Cristian Nasuti

Personal information
- Full name: Cristian Javier Nasuti
- Date of birth: 6 September 1982 (age 43)
- Place of birth: San Martín, Argentina
- Height: 1.81 m (5 ft 11 in)
- Position: Centre-back

Senior career*
- Years: Team / Apps / (Gls)
- 2001–2002: Platense / 20 / (0)
- 2003–2011: River Plate / 54 / (2)
- 2005–2006: → Morelia (loan) / 50 / (3)
- 2008–2009: → Banfield (loan) / 29 / (0)
- 2009–2010: → Aris (loan) / 28 / (1)
- 2010–2011: → AEK Athens (loan) / 18 / (0)
- 2011–2012: Libertad / 2 / (1)
- 2012–2014: Emelec / 55 / (3)
- 2014–2015: Deportivo Cali / 57 / (1)
- 2016–2017: Vélez Sarsfield / 37 / (2)
- 2017: Olimpo / 10 / (0)
- 2018: Lorca / 5 / (0)

Managerial career
- 2025–2026: Emelec (assistant)
- 2025: Emelec (interim)
- 2026: Emelec (interim)
- 2026: Emelec

= Cristian Nasuti =

Argentine footballer

Cristian Javier Nasuti (born 6 September 1982) is an Argentine football coach and former player who played as a centre-back.

==Career==
Nasuti started his career with Platense in the Argentine Primera B Nacional (Second Division) in 2001. He was spotted by River Plate and signed for the club in 2003. On November 30 of that year, Nasuti made his official debut in the Argentine Primera División in a road game against Lanús. The defender scored the equalizer in the last minutes of the 2004 Copa Libertadores semifinals against Boca Juniors, although his team ended up losing the series on penalties. Weeks later, he won with River the 2004 Clausura.
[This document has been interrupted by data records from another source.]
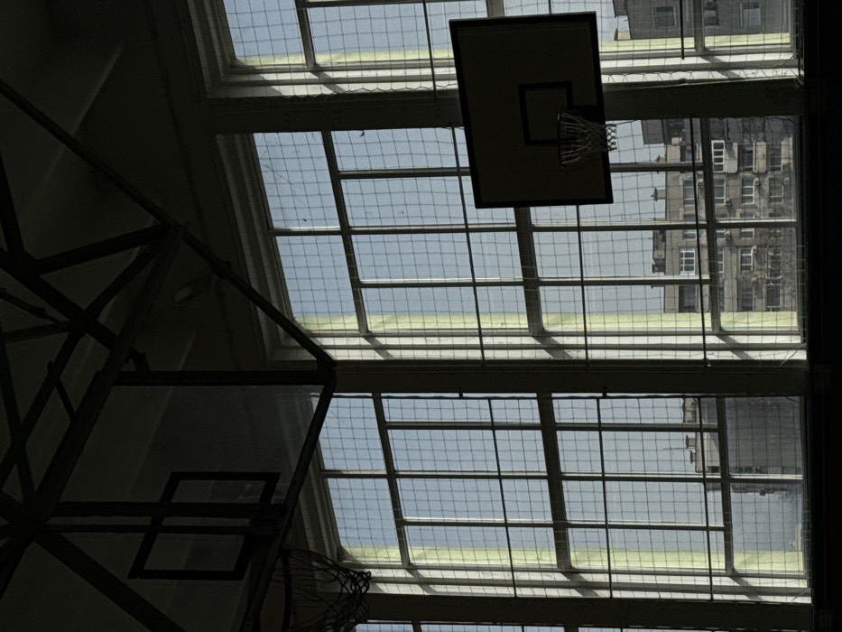 The image depicts the interior of a gymnasium in Yambol, Bulgaria, viewed from a low angle, looking outwards through a bank of tall, multi-pane windows. The interior elements are largely silhouetted against the bright exterior light. In the foreground, dark structural beams of the ceiling are visible. Two basketball backboards with rims and nets are present: one partially visible on the upper left, another more fully displayed on the right, both rendered in silhouette. The right-side backboard is rectangular with a light border and an inner square. The central and right portions of the image are dominated by multiple large, vertically oriented windows, each divided into numerous smaller panes. A fine-grid protective netting covers the entirety of these windows. Light blue sky is visible through the window panes, along with faint vertical yellowish streaks of light. Through the lower sections of the windows, an urban environment is discernible. Several multi-story buildings, appearing to be residential or commercial structures with multiple windows and balconies, are visible under the clear sky. No individuals or active subjects are present in the scene.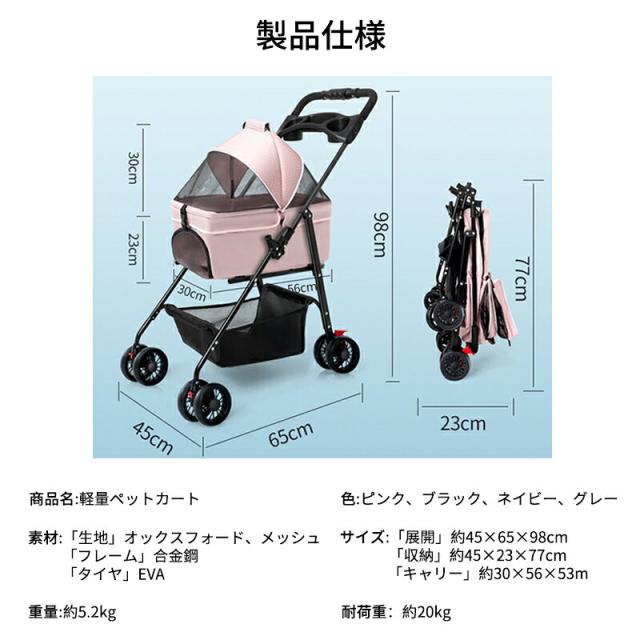 ペットカート ペットキャリー 分離式 バスケット 折り畳み簡単 収納 コンパクト 軽量 4輪 ブレーキ付き 散歩 お出かけ 旅行 介護通院 多頭 小型犬 中型犬 ペットバギー ドッグカート カート 犬 ドッグ 猫 いぬ ねこ ペット用品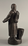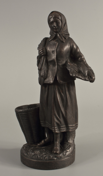 Изображена фигура женщины-рыбачки с большой корзиной на небольшой подставке. Рыбачка облачена в длинную юбку, платок и непромокаемую куртку, что свидетельствует о суровости её работы.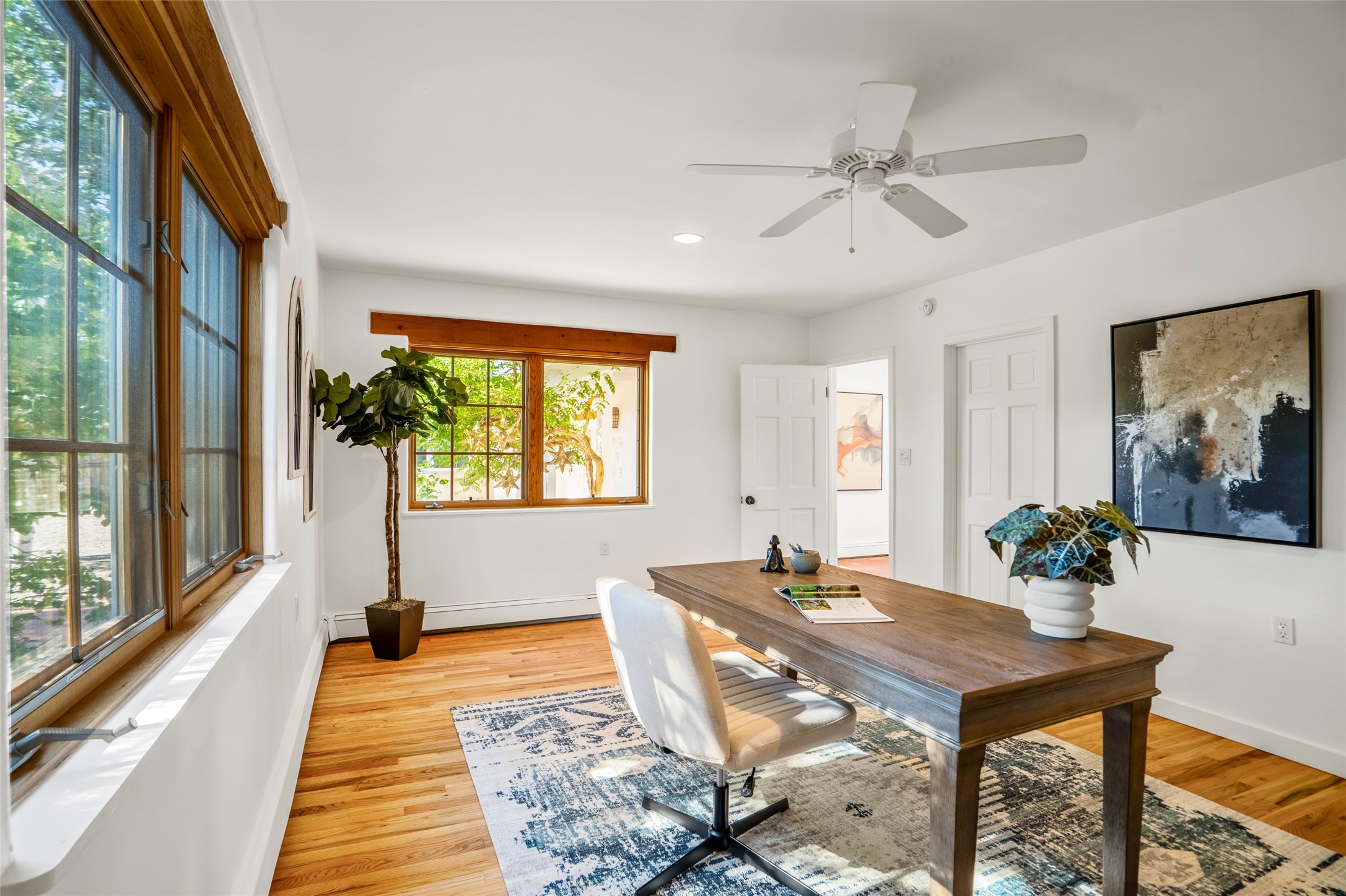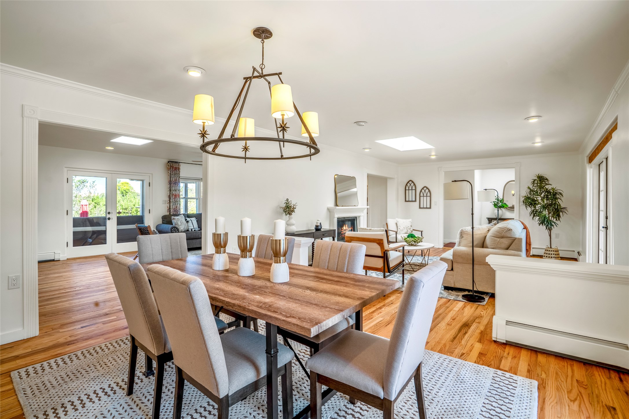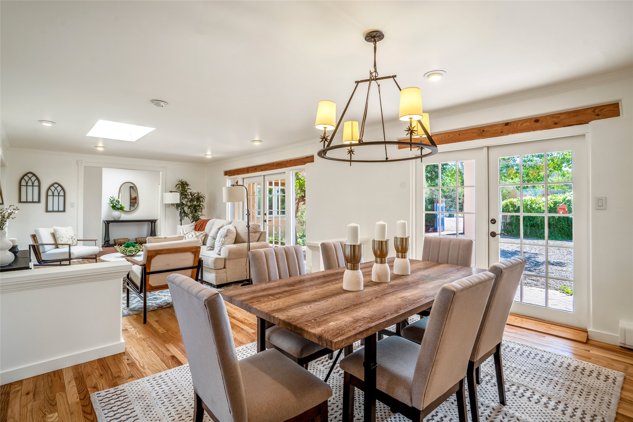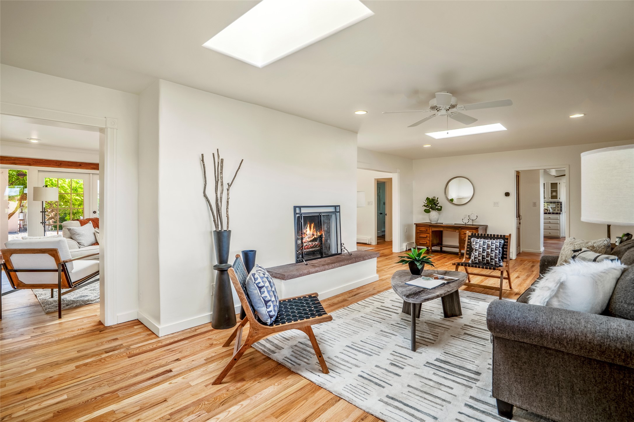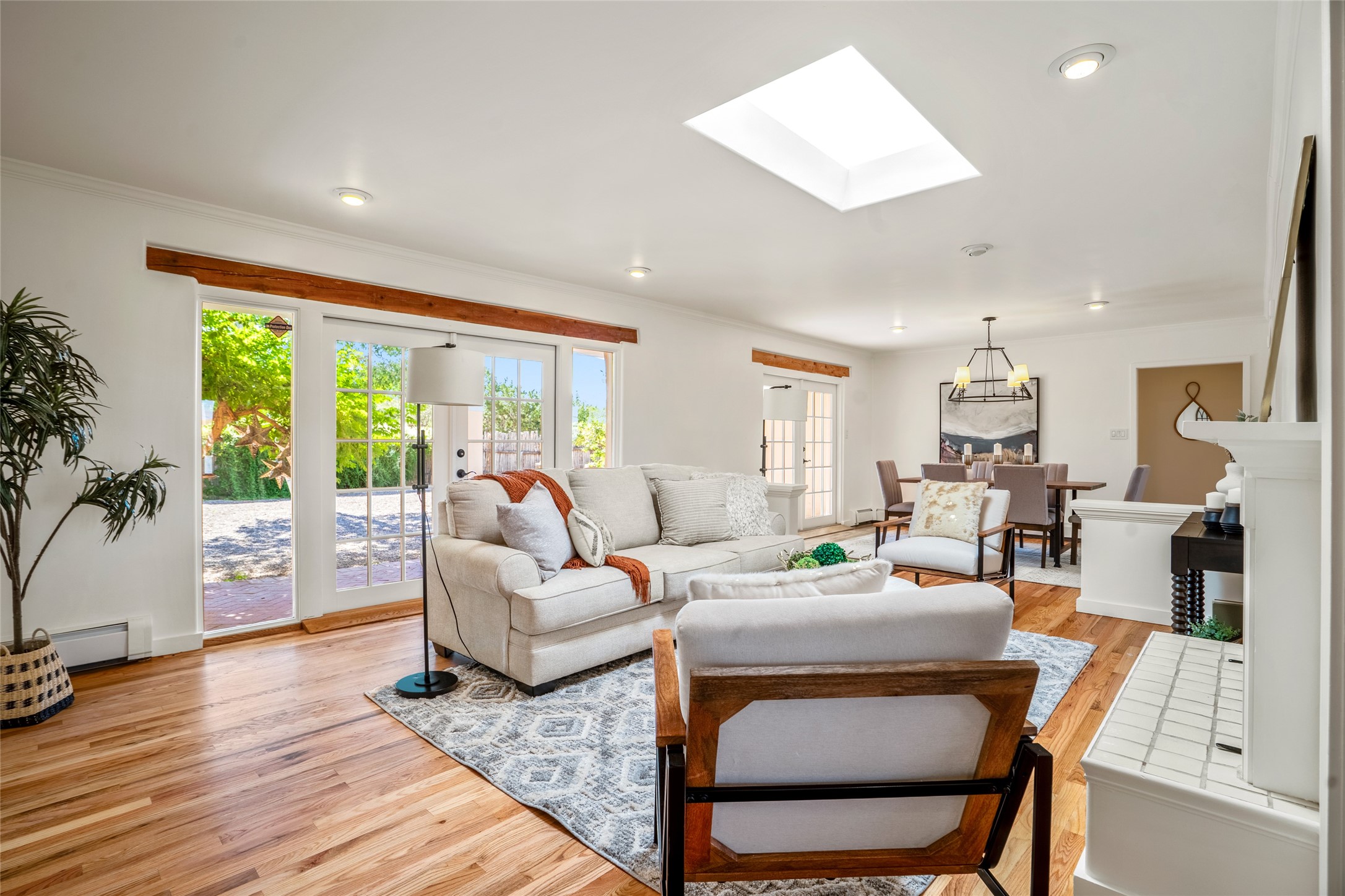 Spacious home near the downtown Plaza, Canyon Road, restaurants, and shopping. Five bedroom home plus a large downstairs area that is perfect as an attached guest house, multi-generational living, studio or office(s). Dual living areas upstairs, both with fireplaces. The dining area has french doors opening up to the front patio perfectly accommodating large gatherings. Lovely, cozy primary suite with a large updated bathroom featuring a large shower and soaking tub. Spacious bright kitchen featuring stainless steel appliances, walk-in pantry, and large breakfast nook area overlooking the City. The portal area on the west side of the home is perfect for evening dining or morning coffee. The downstairs area has two multi-purpose rooms, with the fifth bedroom/bathroom being located downstairs. Newer solar system just a few years old that is owned. Large and spacious basement storage area. Lovely views of the City lights, Ortiz, Sandia, and Sangre de Cristo Mountains.

Later, Nasuti moved to Mexico on loan to play for Monarcas Morelia between 2005 and 2006, but returned to River after making 50 appearances for Morelia. In the winter of 2008, he transferred to Banfield where he made 29 appearances in Primera.

After a successful season in Greece with Aris, Nasuti stayed in the Greek Super League for one more year, signing a one-year loan deal with AEK Athens.

The defender went on to play for Libertad (Paraguay), Emelec (Ecuador) and Deportivo Cali (Colombia), winning first division titles with the latter two.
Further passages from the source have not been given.